Eventually, the seller says what we’re both thinking. “I can’t sell this to you,” he says, which alleviates the stress of having to tell him I didn’t want it. “I had forgotten just how rough this one was,” he says.
It’s easy to do; It’s easy to look past the scratches and dings and see these machines for what they once were rather than what they are now. I get excited when I see the three Dragon’s Lair cabinets sitting along the far wall; when I express an interest, he informs me that new laser disc players will run more than $500 per machine – which explains why they sit there.
The rows of games show their age upon closer inspection. This one needs a monitor. That one needs new paint. All of them need something. Some of them are beyond help. I learn that Golden Axe will most likely be parted out. The marquee, the bezel (the artwork that goes around the monitor), the control panel, the coin door, and other parts will most likely hit eBay; the owner will triple his income on this particular game doing this. The monitor will be repaired and added to the pile of working monitors, waiting for game transplants. Like a parasite, the machine will be scoured until no working part is left behind. The rotting carcass of a cabinet, along with anything that can’t be or isn’t worth removing, will end up in the dumpster across the alley. The seller tells me he’s always looking for helpers to help break apart old cabinets with a sledgehammer.

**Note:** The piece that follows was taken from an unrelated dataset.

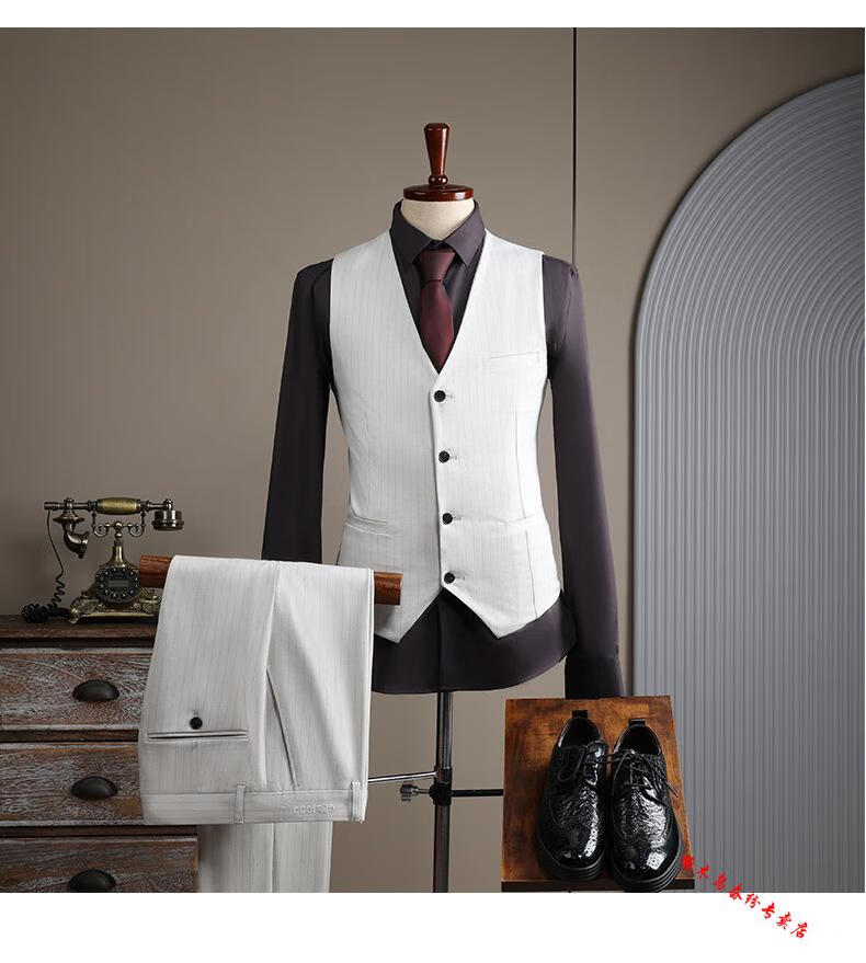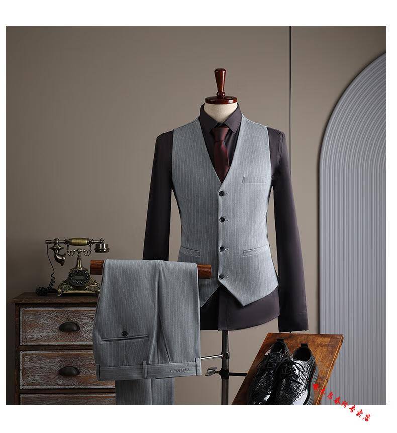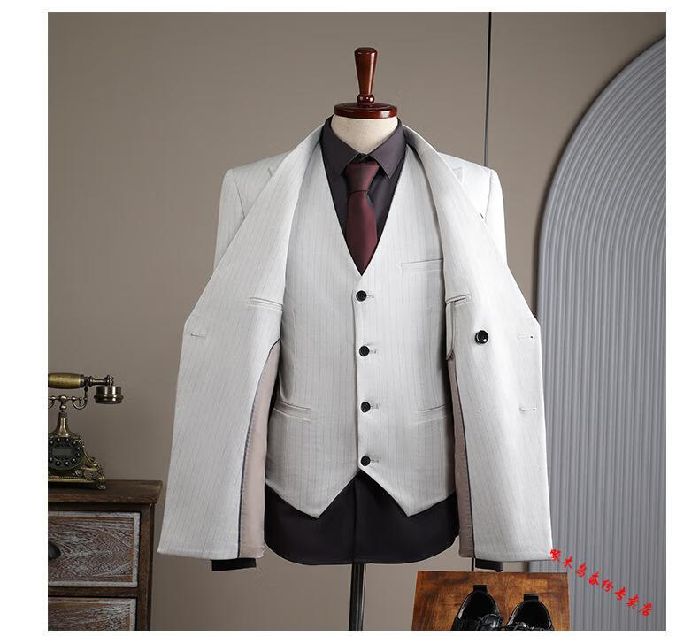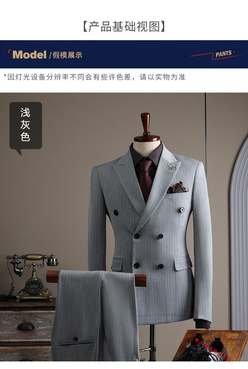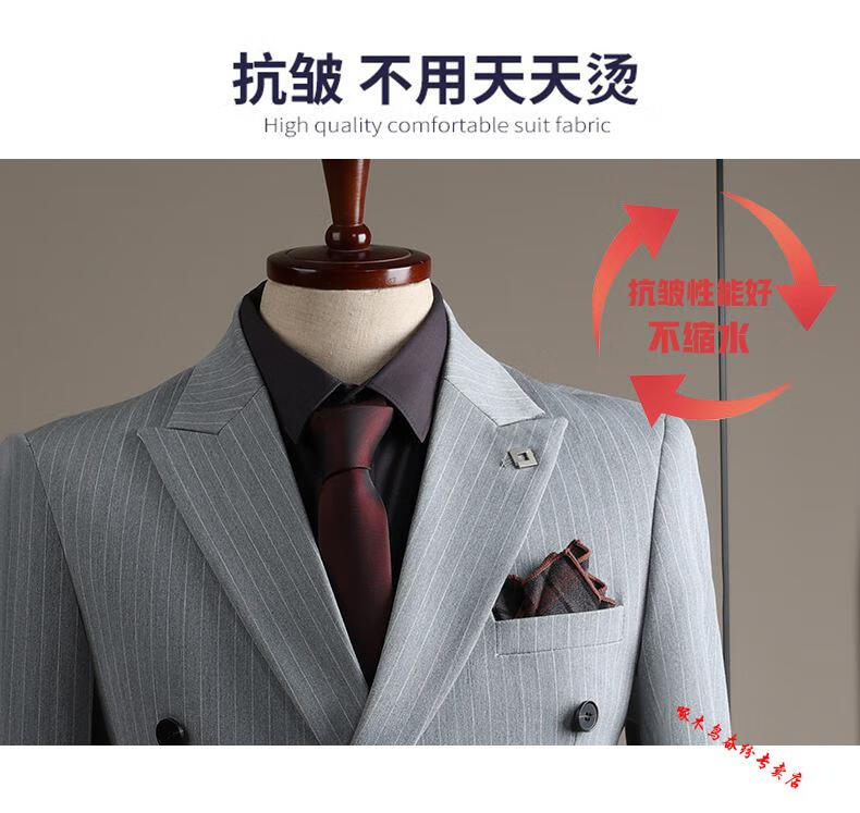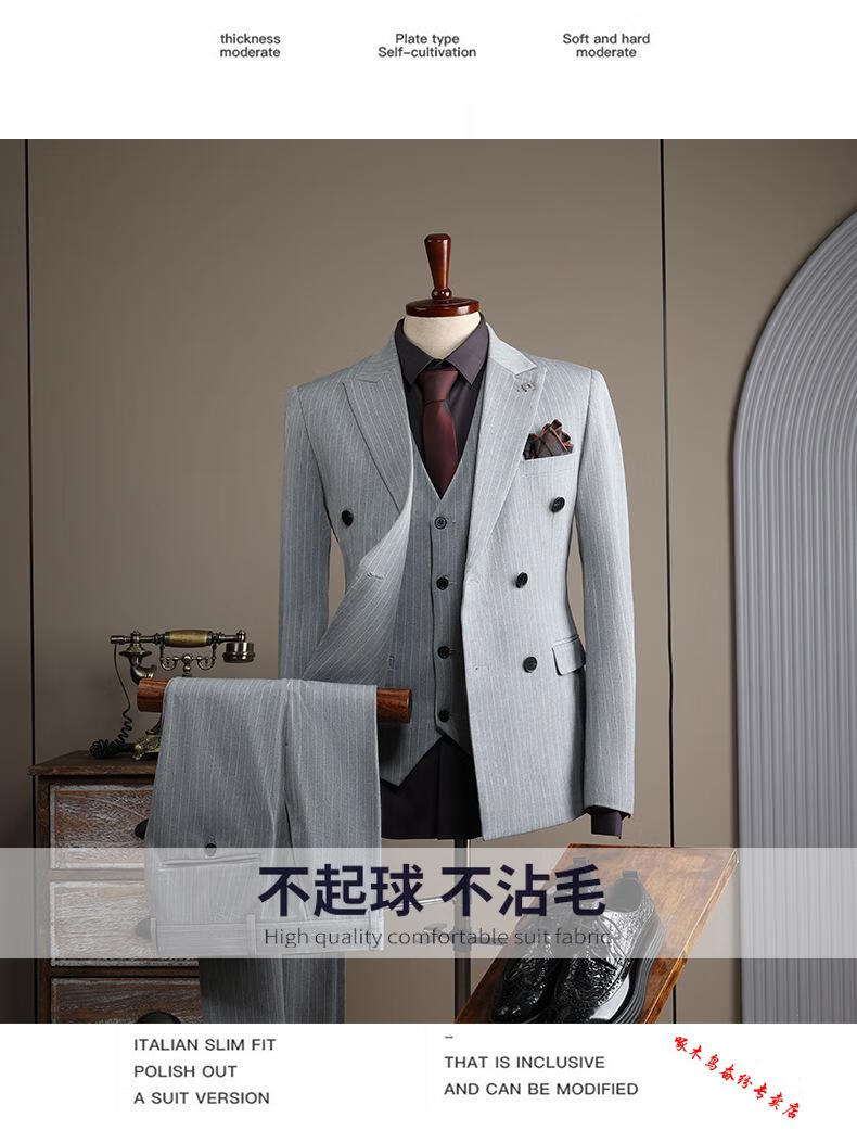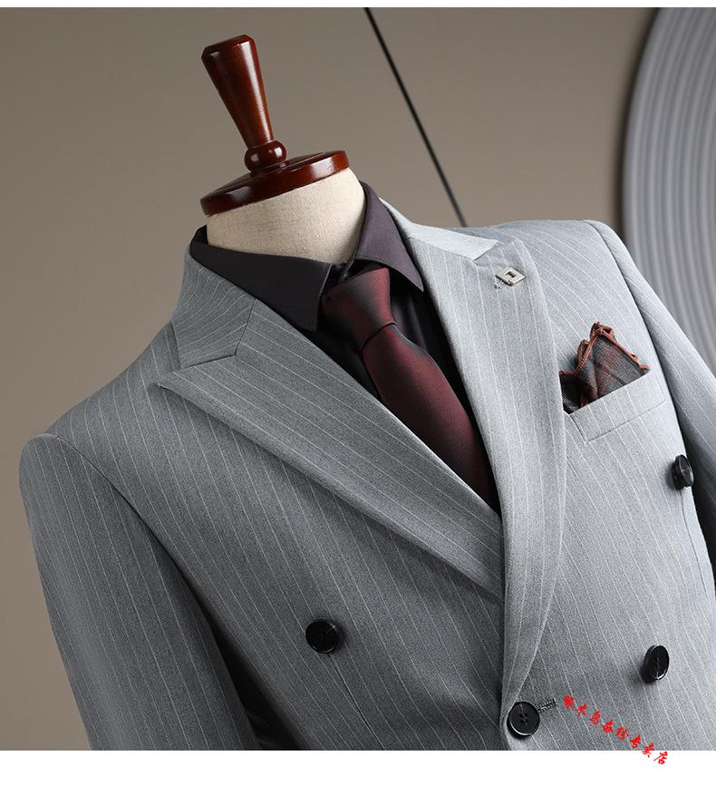 Woodpecker (TUCANO) double-breasted striped suit men's suit casual groom wedding dress business slim suit suit men 6831 black stripes (suit + trousers) 52/XL (125-135Jin Jin equals 0.5 kg)

As we begin sliding games back into their final resting places, I run across a Robocop cabinet. I actually have a Robocop game in a crappy cabinet (not as bad as the Golden Axe was, but close). Secretly I hope the machine doesn’t work – I can save some money that way, as all I really need is the cabinet itself. The machine fires up; however with a bad monitor and a chunk of wood missing, the seller figures it’s worth about as much as the Golden Axe was. We exchange cash, and begin the machine-sliding game once again.
As we maneuver 300 pound cabinets around the warehouse floor, the seller tells me a story. It’s the story of a guy who loved arcade games, and a guy who eventually went on to work in the arcade-repair industry. Through a stroke of luck the guy ended up with a sizable chunk of money, the majority of which he invested in old, “fixer-upper” arcade games. Some of the money went to stock. A lot of the money went toward warehouse rental; space ain’t cheap, and this is just one of his three warehouses. There were dreams of opening an arcade, dreams which for one reason or another didn’t materialize. Fixing and selling games pays the rent some months, especially around Christmas, but more often than not it doesn’t.
And now, the money has begun to dry up. Slow sales have pushed the seller closer to plan B, “liquidation.” More than once the seller reminds me that “everything’s for sale,” as we make our way through the stacks, piles and rows of arcade history.
Indeed, everything’s for sale. Even nostalgia.